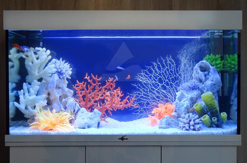 Оформление выполнено в аквариуме Биодизайн Риф 200 объемом 185 литров, цвет отделки аквариума и тумбы - белый. Стиль оформления «Псевдоморе».
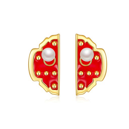 This stylish pair of enamel earrings combines an iconic Forbidden City Gate design with luxuriously lustrous pearls. Crafted from sterling silver. this earrings are perfect for adding an element of elegance and sophistication to any look.
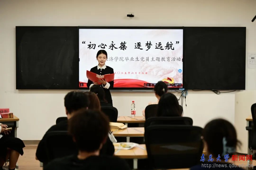 新闻网讯 为了增强毕业生党员的党性意识,激发毕业生爱校荣校之情、感恩奉献之心和报国成才之志,6月18日上午,经济学院举行“初心永葆,筑梦远航”毕业生党员主题教育活动。经济学院党委副书记于文洁、团委书记戴俊杰、辅导员周晓彤出席活动,全体本科毕业生党员参加活动。
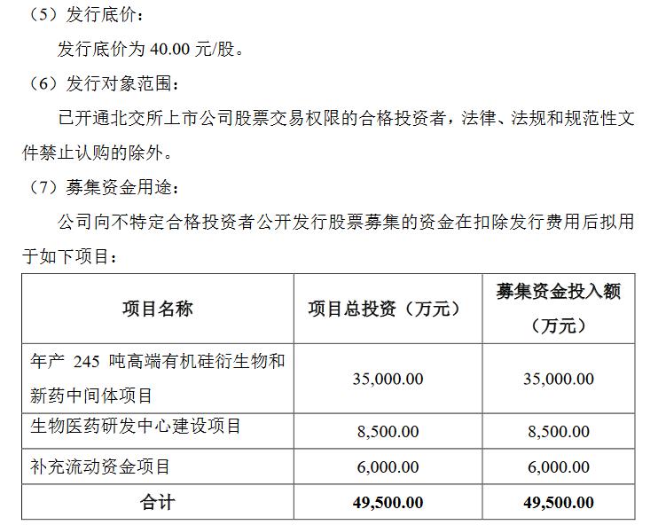 募集资金用途上,公司所募集资金拟用于年产245吨高端有机硅衍生物和新药中间体项目、生物医药研发中心建设项目、补充流动资金项目,募集资金投入额分别为3.5亿元,8500万元、6000万元。
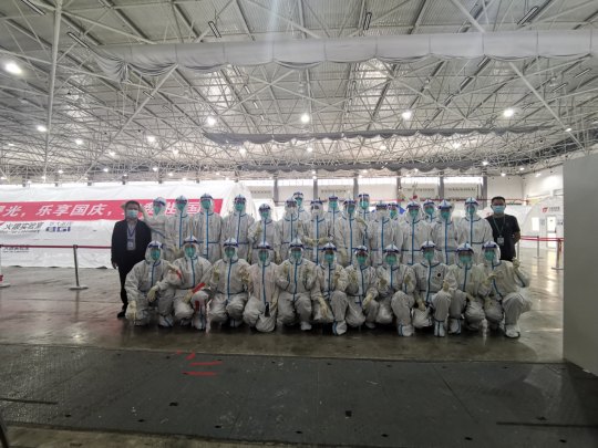 9月17日中午,基础医学院接到通知,闻令而动,迅速组建7名教师、93名学生志愿者,并于当天下午从花溪大学城出发支援观山湖区气膜方舱实验室。志愿者到达观山湖会展中心方舱实验室驻地后,快速组建小分队,进行院感专家集中院感学习、防护服穿脱等培训,持续到凌晨3时。100位队员,分为两个小队,分别由肖朝伦、王琪老师带队进驻“御兔号”,石明隽、韩冰老师带队进驻“火眼号”方舱实验室;另崔古贞、田益明两位老师全程参与整个会展方舱实验室院感,刘旭老师协助会展方舱领导小组日常事务工作,肖朝伦老师负责全体志愿者的日常事务及与方舱领导指挥部领导的协调对接。从那一刻起,青年突击队的抗疫行动开始了,每天依据分工各自忙碌而充实。
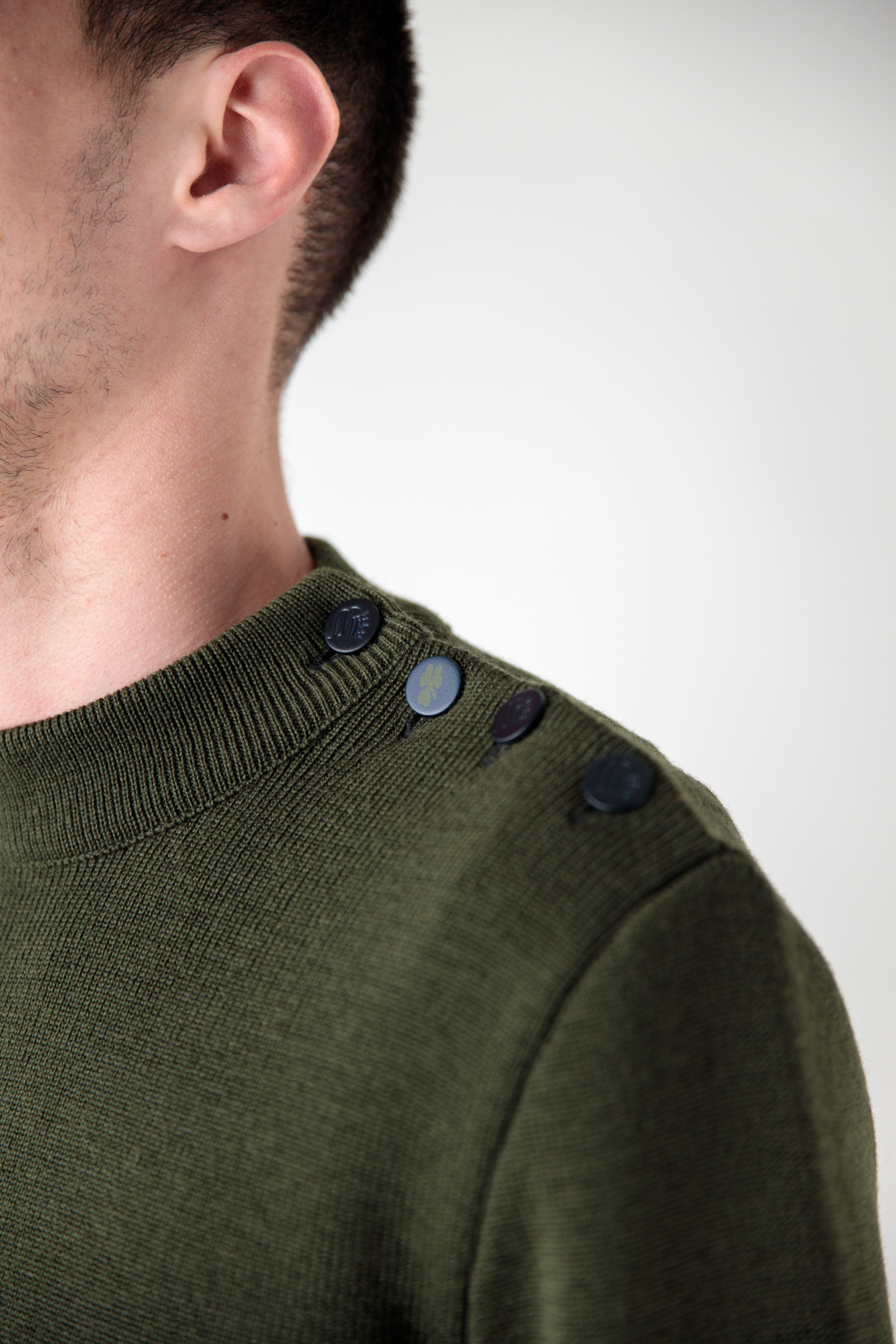 - Boutonnage épaule gauche avec un bouton trèfle signature du Comptoir Irlandais
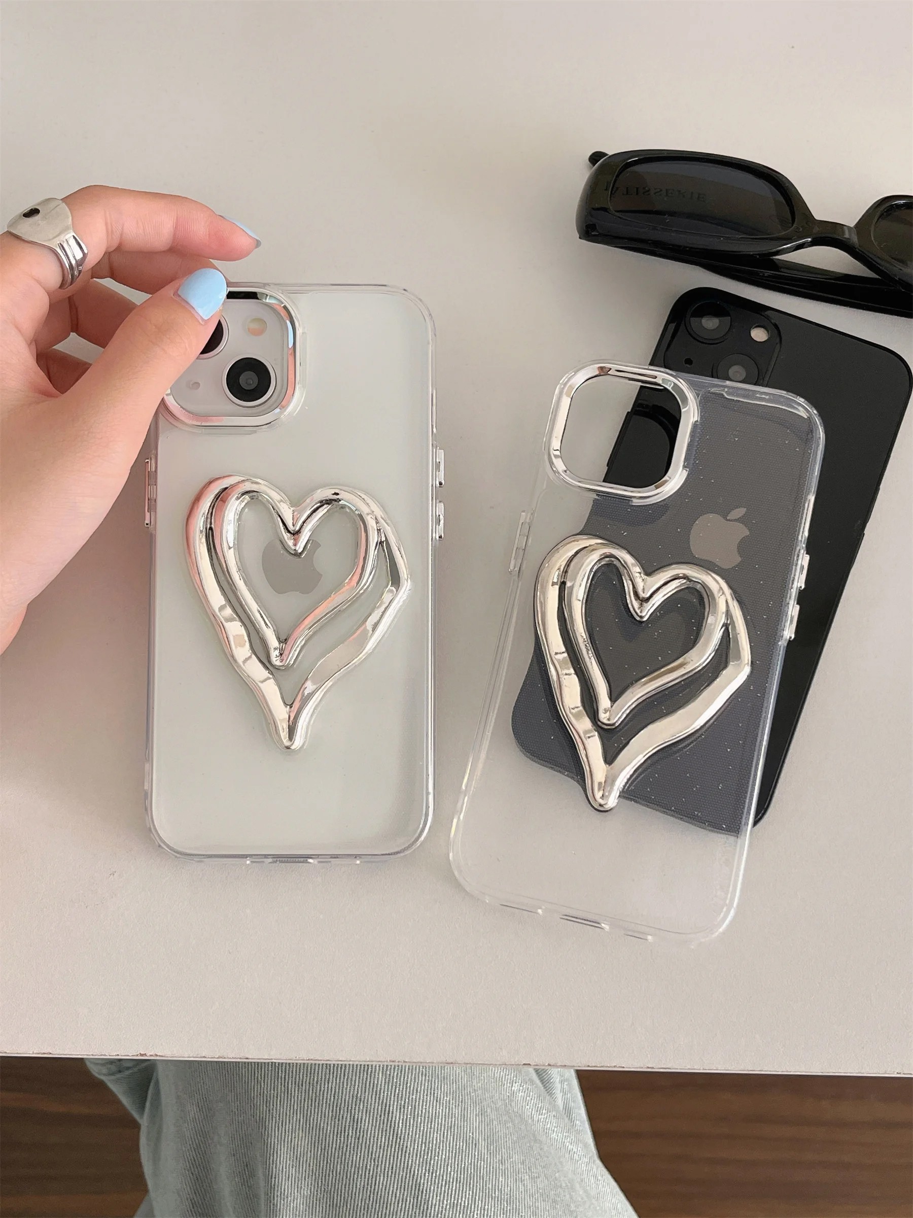 무료배송💖주문제작🫧 실버 하트 투명 캐릭터 Y2K 커플 아이폰 폰케이스 우정 키치 레트로 친구선물 생일 선물추천 범퍼 레트로 감성 연예인 귀여운 유니크 특이한 커스텀
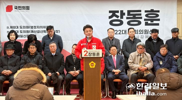 장동훈 국민의힘 예비후보가 21일 제주도의회 도민카페에서 제22대 국회의원 선거 제주시갑 출마를 선언하고 있다.
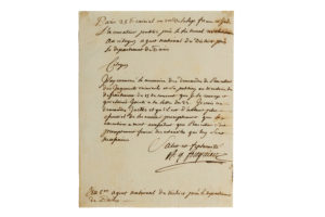 Antoine FOUQUIER-TINVILLE. 1747-1794. L'accusateur public près le Tribunal révolutionnaire. L.S. à l'agent national district près le département de Paris. Paris, 25 Prairial an II. 1 p. in-4. Lettre historique écrite la veille de la mise en...

## What to work on
Above, find the line with "This stylish pair"; copy it and every line down to the line with "新闻网讯 为了增强毕业生党员", exactly and both included, but no pictures.

## Answer
 This stylish pair of enamel earrings combines an iconic Forbidden City Gate design with luxuriously lustrous pearls. Crafted from sterling silver. this earrings are perfect for adding an element of elegance and sophistication to any look.
 新闻网讯 为了增强毕业生党员的党性意识,激发毕业生爱校荣校之情、感恩奉献之心和报国成才之志,6月18日上午,经济学院举行“初心永葆,筑梦远航”毕业生党员主题教育活动。经济学院党委副书记于文洁、团委书记戴俊杰、辅导员周晓彤出席活动,全体本科毕业生党员参加活动。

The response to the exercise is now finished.